──────── Supplied material

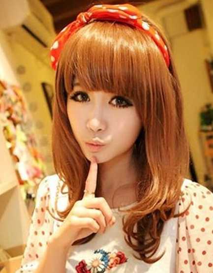 可爱版的梨花头,黄棕的发色,美美的发饰,一个卖萌的表情,超甜美可爱哦,缝隙的齐刘海,添了甜美感,非常可爱哦。
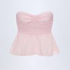 Dreamy and off-duty, the Alma crop top is crafted from lightweight and breezy cotton poplin to a bandeau silhouette with partially lined cups for enhanced coverage and features a smocked panel at the back for a comfortable fit. It features gathered detailing at the front and adjustable ties for multiple styling options.
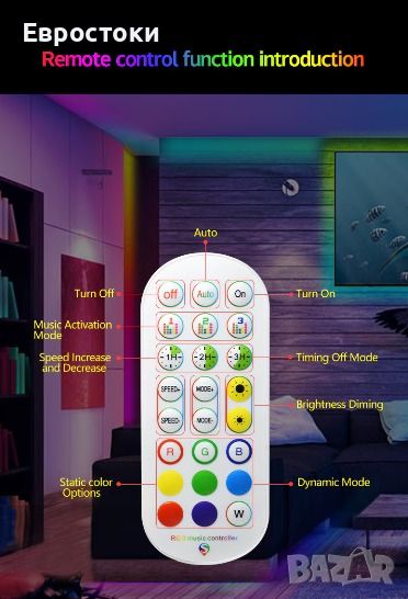 Светодиодните ленти с функция за дистанционно управление могат да регулират 16 милиона промени в цвета чрез опцията „Направи си сам“ в приложението, създавайки отлична светодиодна светлина за настроение. Можете също така да промените честотата на ритъма на лентата с LED светлини, за да създадете романтична и цветна фестивална атмосфера. LED светлинната лента е най-добрият избор за спалня, стена, таван и дъно на маса! (не е водоустойчив, само за вътрешна употреба)
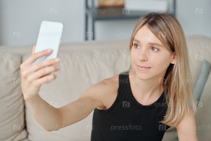 Молодая улыбающаяся блондинка в черном жилете смотрит на камеру смартфона

────────────────

§ How to complete this task
Restate only the lines running from the start of the material above through the line containing "Dreamy and off-duty, the", ends included. No pictures.

§ Answer to this task
 可爱版的梨花头,黄棕的发色,美美的发饰,一个卖萌的表情,超甜美可爱哦,缝隙的齐刘海,添了甜美感,非常可爱哦。
 Dreamy and off-duty, the Alma crop top is crafted from lightweight and breezy cotton poplin to a bandeau silhouette with partially lined cups for enhanced coverage and features a smocked panel at the back for a comfortable fit. It features gathered detailing at the front and adjustable ties for multiple styling options.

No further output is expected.